> _Activity_: Repeat the span of the entries below that starts at the line with "لباس علوي كامي" and ends at the line with "実際に119番通報を行う通報", nothing more. Skip the pictures.

+++ Source material

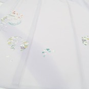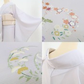 薄物着物の代表格“絽”のお着物は、二本の経糸を捩りながら緯糸を織り込んだもじり織で、盛夏のお着物として涼しげでさらりとした雰囲気に生地質。袖を通す貴女、またその姿を目にする周りの皆にも清らかな風を吹かせるように涼を届けてくれます。これから迎える7月、8月の盛夏に満開を迎え、近年まだまだ気温の高い初秋頃まで咲き誇ります。
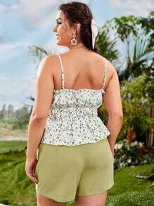 لباس علوي كامي بحافة مكشكش بتفاصيل مكشكش بزهر اقحوان مقاس كبير
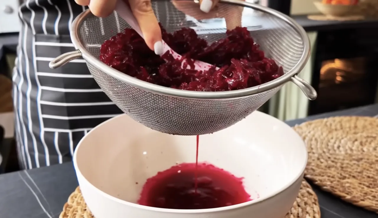 Буряк очищаємо і натираємо на крупній тертці. Якщо буряк дуже соковитий, віджимаємо зайвий сік ложкою або через сито. За бажанням додаємо 1–2 дрібки солі.
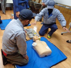 実際に119番通報を行う通報訓練・水消火器を使っての消火訓練・人形を使って心臓マッサージとAEDの使い方といった、応急救護訓練を実施しました。
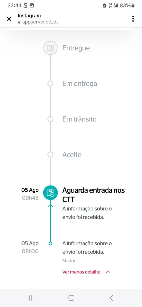 No dia 19 de Agosto enviei sms a questionar qual a previsao de entrega e responderam "quase a chegar" e juntaram o link de rastreio dos ctt em que menciona a minha cidade e que foi criado aquele ficheiro no dia 5 de agosto em madrid, e apresentava-se como: " AGUARDA ENTRADA NOS CTT". No dia 24 de agosto voltei a questionar porque nada alterou e responderam me que iam verificar o que se passou. Enviei novamente mensagem no dia 28 e hoje dia 1de Setembro e até ao momento nao recebi qualquer resposta.
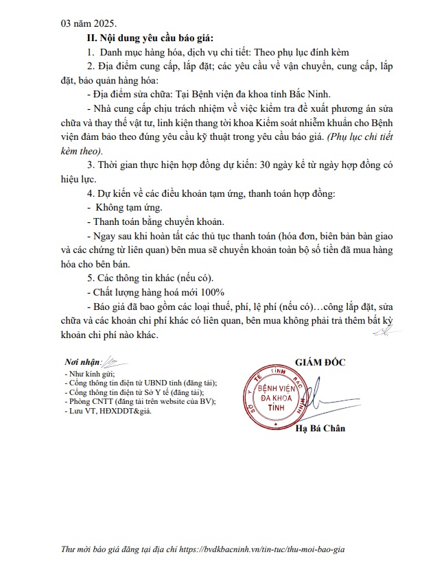 THƯ MỜI BÁO GIÁ GÓI THẦU MUA SẮM CLIP CẦM MÁU
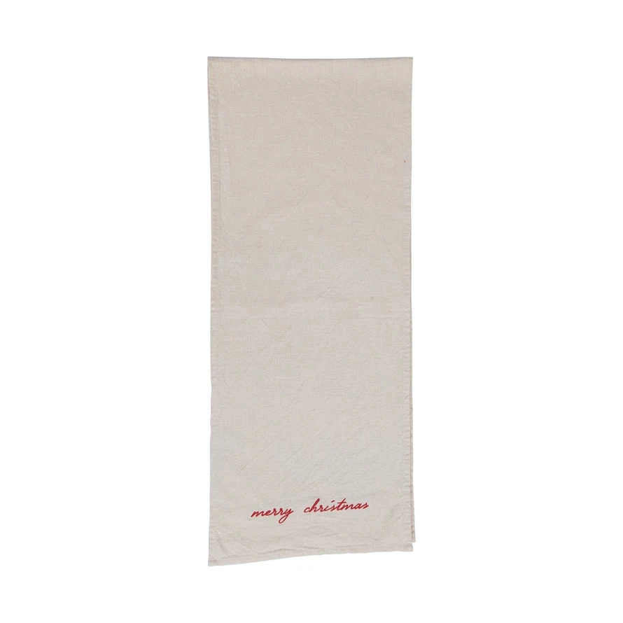 72″ Cotton Table Runner With Embroidery “Merry Christmas”, Cream & Red
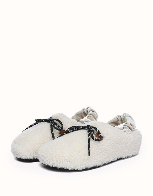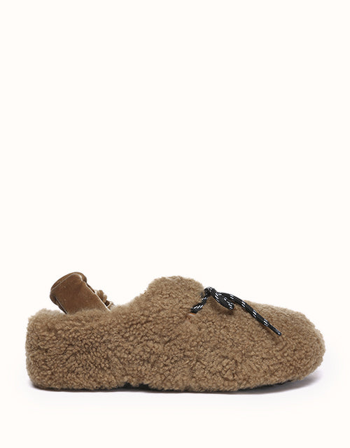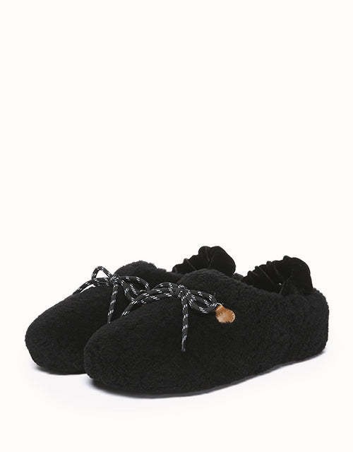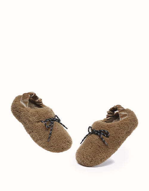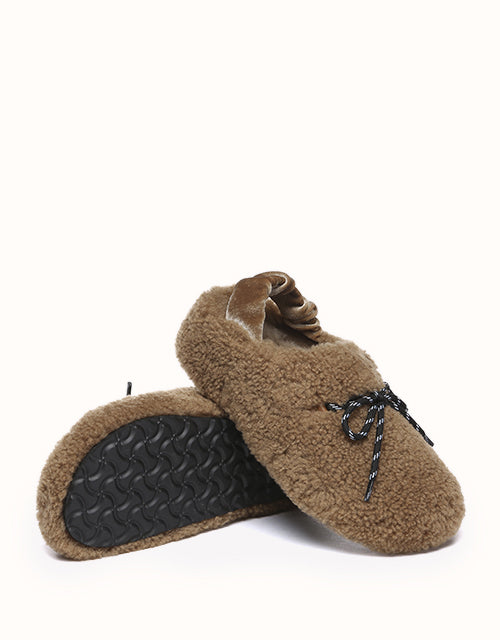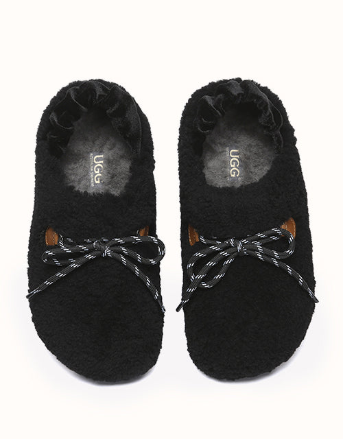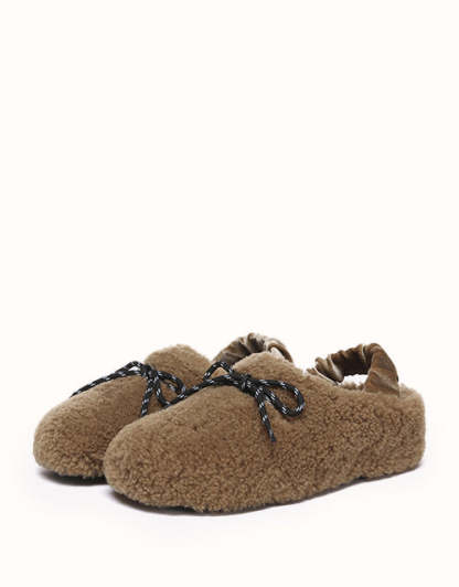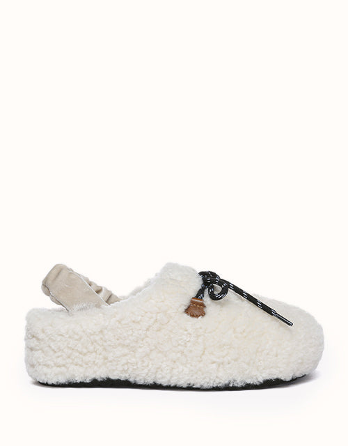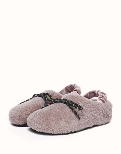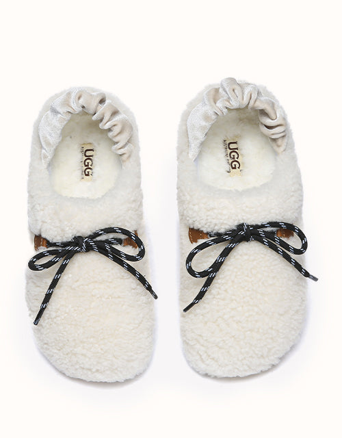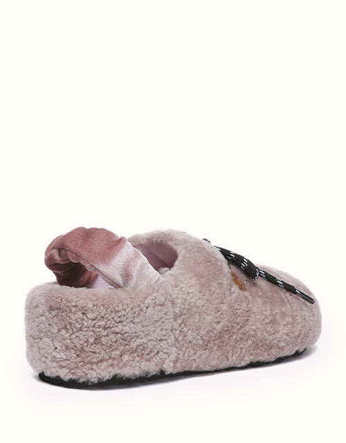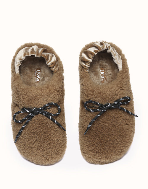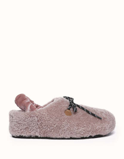 Experience unmatched comfort and style with the Australian Shepherd Barrett Curly Sheepskin Slippers. Designed for both indoor and outdoor wear, these cozy slippers feature plush curly sheepskin for warmth and softness. The patterned outsole provides enhanced grip, while the moisture-wicking properties help keep your feet dry. A delicate ribbon detail adds a touch of elegance, allowing you to tie it your way for a personalized look. Perfect for lounging or stepping out in effortless style, these slippers bring luxury to your everyday routine.

++++++

> _Worked solution_:
 لباس علوي كامي بحافة مكشكش بتفاصيل مكشكش بزهر اقحوان مقاس كبير
 Буряк очищаємо і натираємо на крупній тертці. Якщо буряк дуже соковитий, віджимаємо зайвий сік ложкою або через сито. За бажанням додаємо 1–2 дрібки солі.
 実際に119番通報を行う通報訓練・水消火器を使っての消火訓練・人形を使って心臓マッサージとAEDの使い方といった、応急救護訓練を実施しました。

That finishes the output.